An important caveat in Configuration Interaction theory is its lack of size-extensivity, which implies that the energy does not scale linearly with the number of electrons. This drawback stems from the fact that the Configuration Interaction wavefunction is not size-consistent, meaning the energy of a combined system is not simply the sum of the energies of its isolated parts. This limitation restricts the application of Configuration Interaction mainly to small molecular systems.

Full Configuration Interaction Implementation

In Full Configuration Interaction, we aim to account for all possible electronic configurations within a chosen basis set, offering the most accurate wavefunction representation for the given basis. Although this method yields highly precise electronic structure information, it is computationally intensive. Its cost scales exponentially with both the number of electrons and basis functions, limiting its feasibility to smaller systems.

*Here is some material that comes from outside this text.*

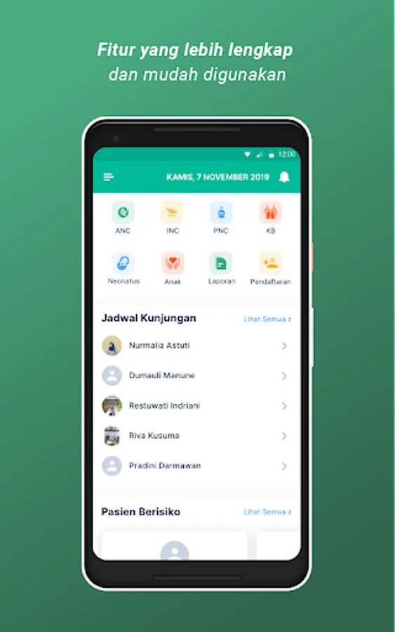 The Midwife Sehati medical application will guide the Midwife in conducting ANC, INC, and PNC examinations with easy and practical digital recording. This application is equipped with various features that make it easy for Midwives to provide quality maternal health services for their patients.

The Full Configuration Interaction process involves constructing all possible Slater determinants for a system. For simplicity, we’ll assume that we want to include both singlet and triplet states in our determinant space. The total number of these determinants $N_D$ can be calculated using binomial coefficients

\begin{equation} N_D=\binom{n}{k} \end{equation}

where $k$ is the total number of electrons, and $n$ is the total number of spinorbitals. For practical representation, it’s useful to describe determinants as arrays of numbers, where each number corresponds to the index of an occupied orbitals. For example, the ground state determinant for a system with 6 electrons can be represented as $\left\lbrace 0,1,2,3,4,5\right\rbrace$, whereas the determinant $\left\lbrace 0,1,2,3,4,6\right\rbrace$ represents an excited state with one electron excited from orbital 5 to orbital 6. Using the determinants, the Configuration Interaction Hamiltonian matrix \eqref{eq:ci-hamiltonian} can be constructed, and the eigenvalue problem \eqref{eq:ci-eigenvalue-problem} can be solved to obtain the ground and excited state energies.